DATA SHOWN:

Segment Open

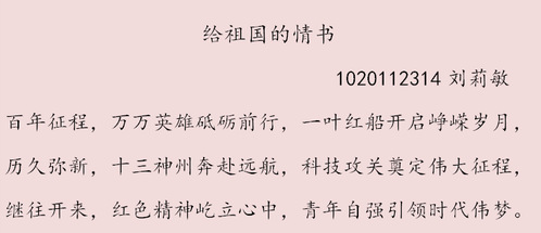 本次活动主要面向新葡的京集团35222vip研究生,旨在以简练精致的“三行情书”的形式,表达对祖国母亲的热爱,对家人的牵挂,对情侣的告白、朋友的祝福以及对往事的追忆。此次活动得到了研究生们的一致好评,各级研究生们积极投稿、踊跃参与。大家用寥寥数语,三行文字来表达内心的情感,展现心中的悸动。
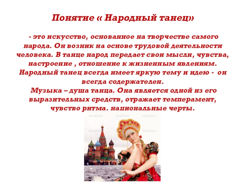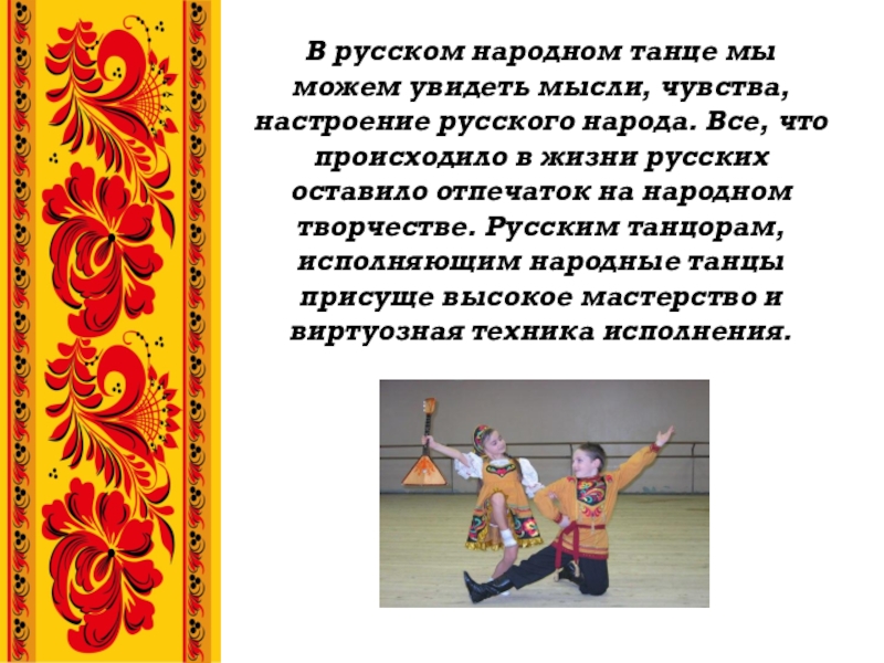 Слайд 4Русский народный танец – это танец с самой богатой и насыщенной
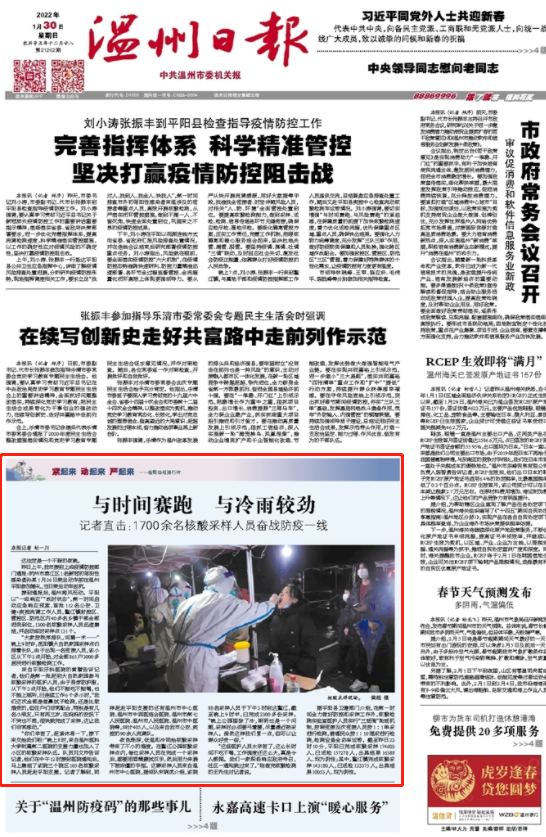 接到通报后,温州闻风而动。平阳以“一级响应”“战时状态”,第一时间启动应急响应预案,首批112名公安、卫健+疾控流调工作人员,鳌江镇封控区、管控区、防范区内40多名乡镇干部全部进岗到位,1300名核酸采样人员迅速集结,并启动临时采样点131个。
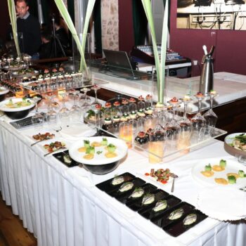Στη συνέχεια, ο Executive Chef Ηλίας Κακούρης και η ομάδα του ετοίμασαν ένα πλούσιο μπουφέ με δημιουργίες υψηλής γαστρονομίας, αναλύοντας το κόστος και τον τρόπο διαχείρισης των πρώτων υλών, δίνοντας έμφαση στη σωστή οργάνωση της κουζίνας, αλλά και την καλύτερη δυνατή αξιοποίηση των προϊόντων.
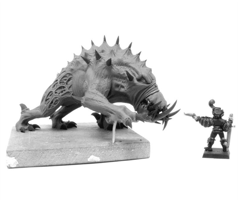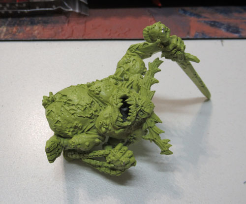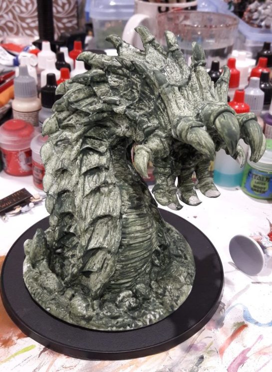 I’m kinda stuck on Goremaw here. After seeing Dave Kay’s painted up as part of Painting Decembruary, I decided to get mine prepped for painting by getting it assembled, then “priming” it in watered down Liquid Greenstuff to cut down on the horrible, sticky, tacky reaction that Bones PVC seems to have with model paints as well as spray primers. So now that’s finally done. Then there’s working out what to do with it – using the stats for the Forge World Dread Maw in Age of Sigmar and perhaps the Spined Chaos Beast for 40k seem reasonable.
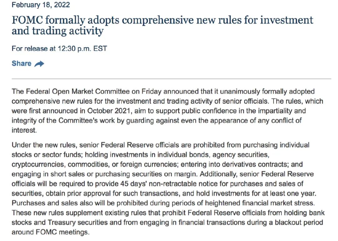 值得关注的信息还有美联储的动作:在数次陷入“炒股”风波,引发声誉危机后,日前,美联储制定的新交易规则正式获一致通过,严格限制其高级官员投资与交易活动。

Segment Closed
Segment Open

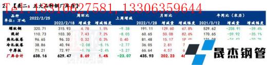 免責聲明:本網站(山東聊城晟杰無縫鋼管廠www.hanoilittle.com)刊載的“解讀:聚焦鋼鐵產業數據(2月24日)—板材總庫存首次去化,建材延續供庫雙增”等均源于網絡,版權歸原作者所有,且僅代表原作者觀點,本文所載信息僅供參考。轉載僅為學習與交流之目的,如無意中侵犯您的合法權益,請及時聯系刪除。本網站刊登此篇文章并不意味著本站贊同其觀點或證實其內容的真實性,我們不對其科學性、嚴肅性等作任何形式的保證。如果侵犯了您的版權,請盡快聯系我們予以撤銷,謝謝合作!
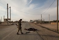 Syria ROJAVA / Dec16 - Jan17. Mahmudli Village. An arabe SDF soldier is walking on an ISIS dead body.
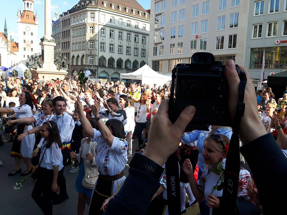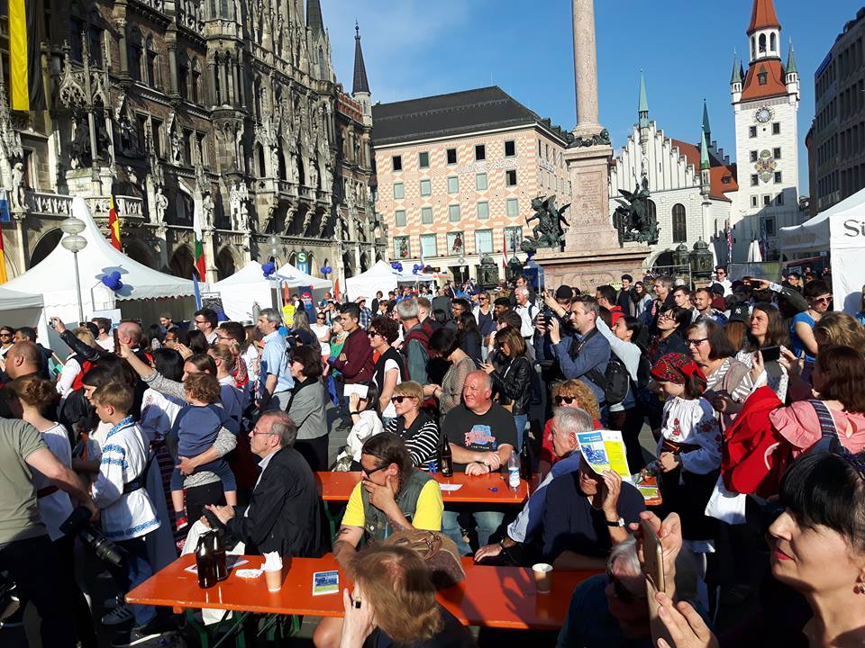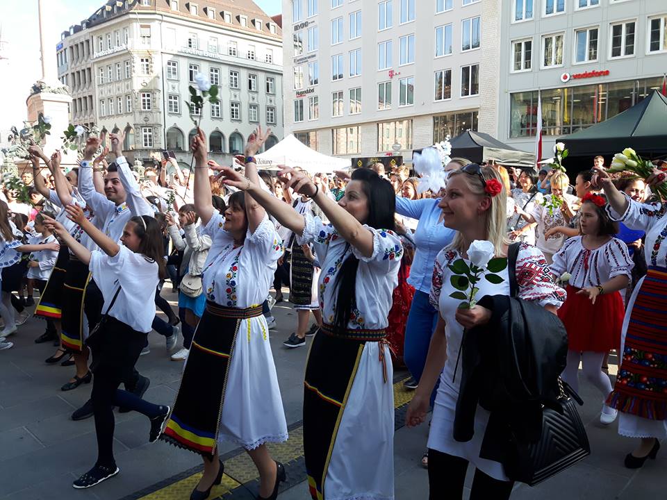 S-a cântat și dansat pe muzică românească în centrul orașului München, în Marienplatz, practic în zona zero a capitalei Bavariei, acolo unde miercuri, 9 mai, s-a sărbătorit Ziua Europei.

Segment Closed
Segment Open

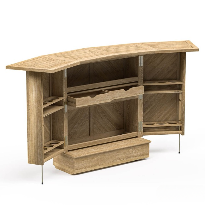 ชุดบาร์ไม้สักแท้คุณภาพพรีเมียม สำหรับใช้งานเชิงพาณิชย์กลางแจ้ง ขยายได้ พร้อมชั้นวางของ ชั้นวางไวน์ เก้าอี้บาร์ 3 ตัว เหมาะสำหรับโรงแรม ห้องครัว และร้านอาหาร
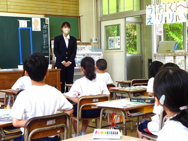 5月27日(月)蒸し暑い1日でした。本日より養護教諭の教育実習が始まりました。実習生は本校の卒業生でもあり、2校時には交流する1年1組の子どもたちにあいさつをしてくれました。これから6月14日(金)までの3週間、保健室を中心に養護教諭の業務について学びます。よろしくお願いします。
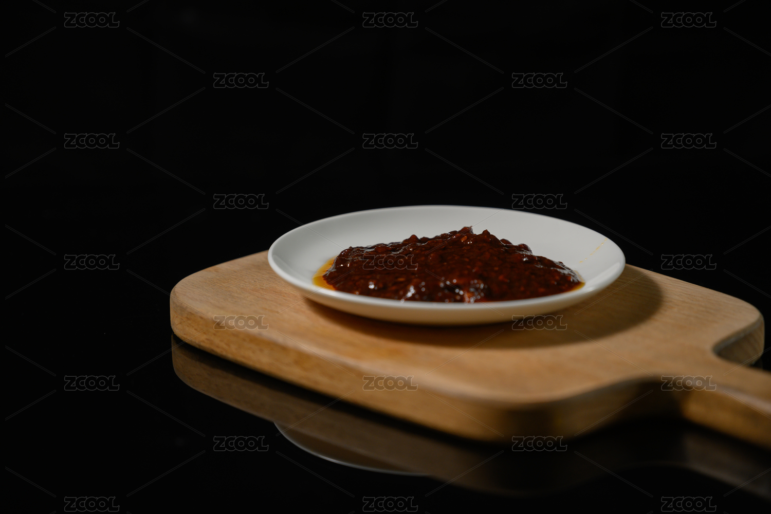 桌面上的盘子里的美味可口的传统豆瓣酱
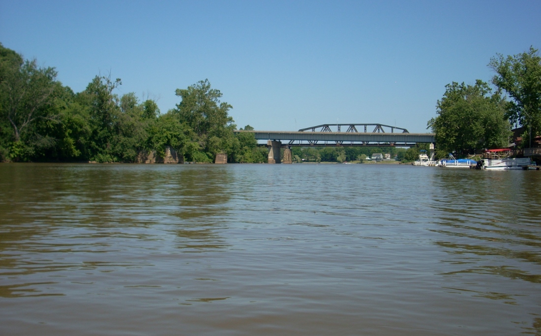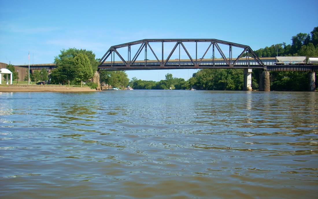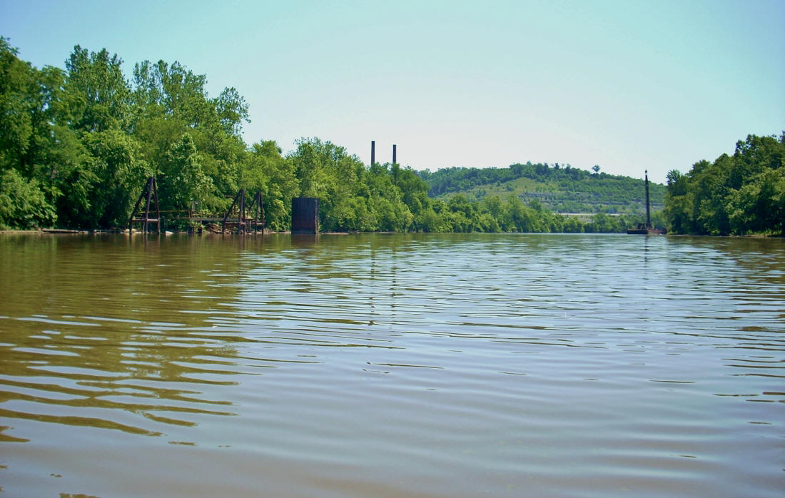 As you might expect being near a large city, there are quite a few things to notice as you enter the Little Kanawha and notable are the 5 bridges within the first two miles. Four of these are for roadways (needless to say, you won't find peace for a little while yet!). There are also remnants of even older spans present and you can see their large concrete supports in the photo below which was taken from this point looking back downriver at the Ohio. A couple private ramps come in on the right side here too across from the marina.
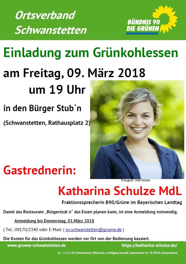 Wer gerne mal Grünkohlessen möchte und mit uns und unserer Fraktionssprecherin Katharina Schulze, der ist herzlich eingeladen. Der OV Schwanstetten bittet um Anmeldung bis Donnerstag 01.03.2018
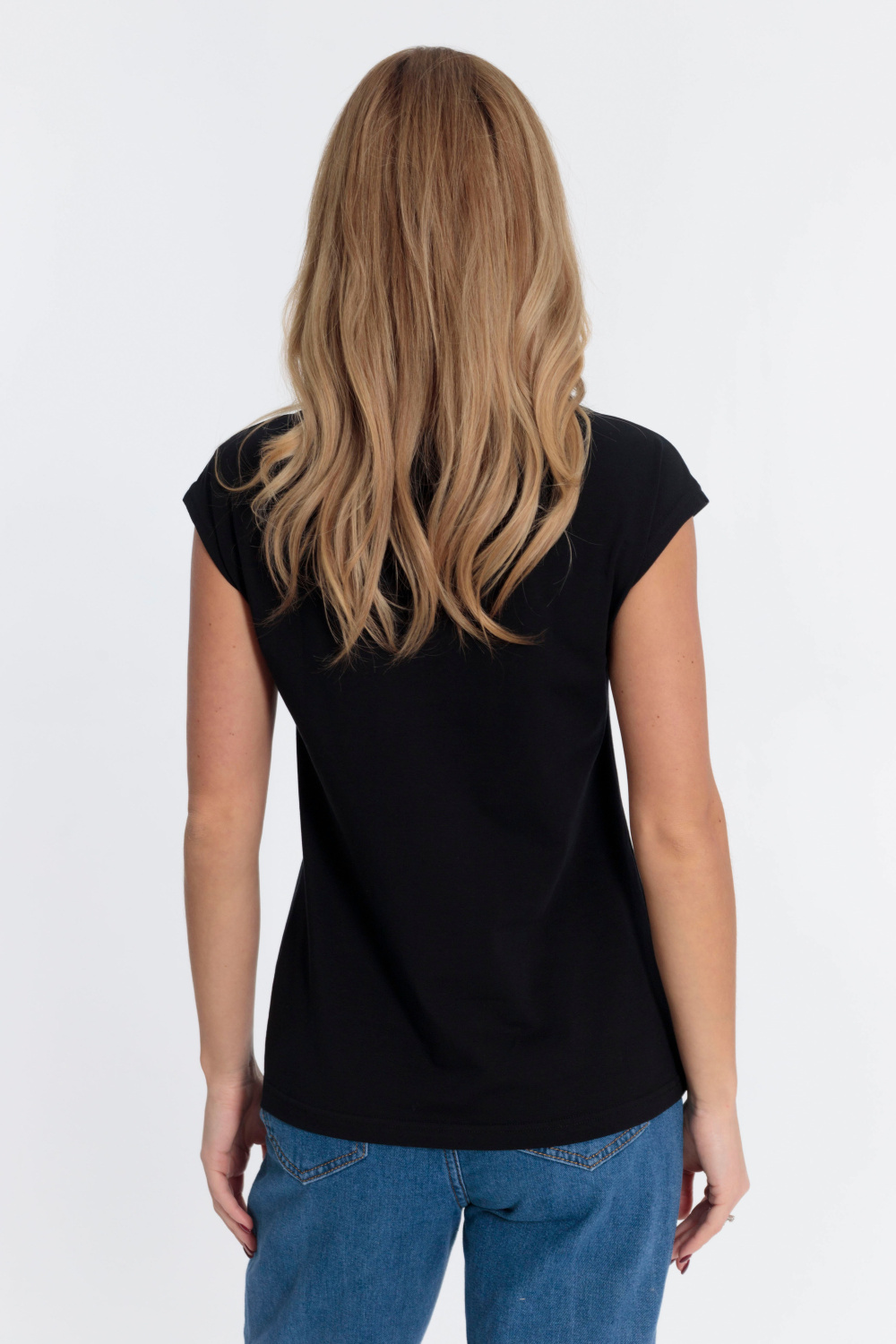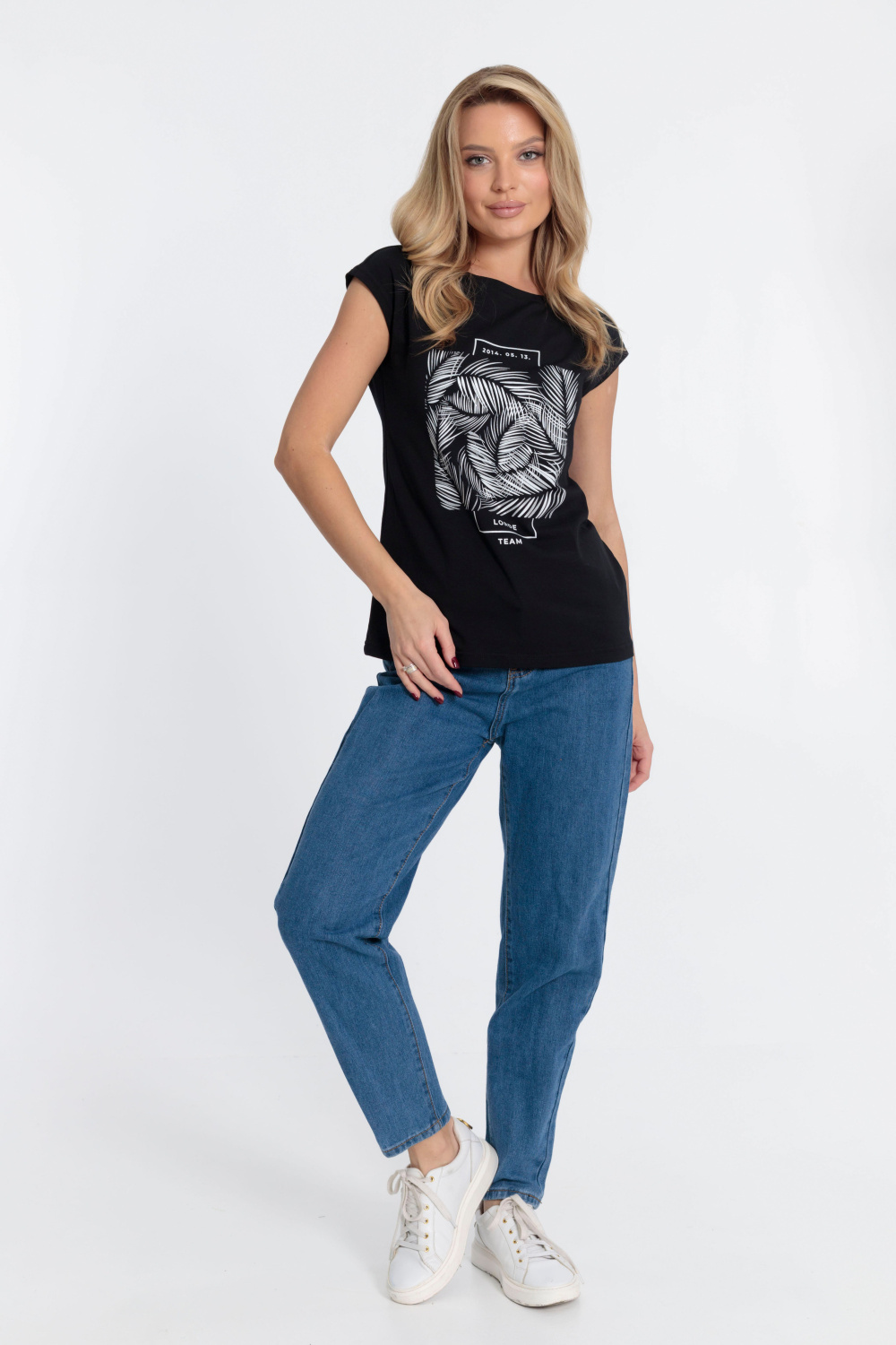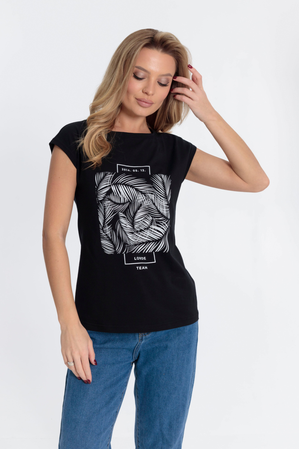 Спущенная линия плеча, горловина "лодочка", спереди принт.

Segment Closed

WHAT TO WORK ON: When copying from the data above, begin at the line containing "Wer gerne mal" and end at the line containing "Спущенная линия плеча, горловина"; return those lines exactly and leave all pictures behind.

YOUR SOLUTION:
 Wer gerne mal Grünkohlessen möchte und mit uns und unserer Fraktionssprecherin Katharina Schulze, der ist herzlich eingeladen. Der OV Schwanstetten bittet um Anmeldung bis Donnerstag 01.03.2018
 Спущенная линия плеча, горловина "лодочка", спереди принт.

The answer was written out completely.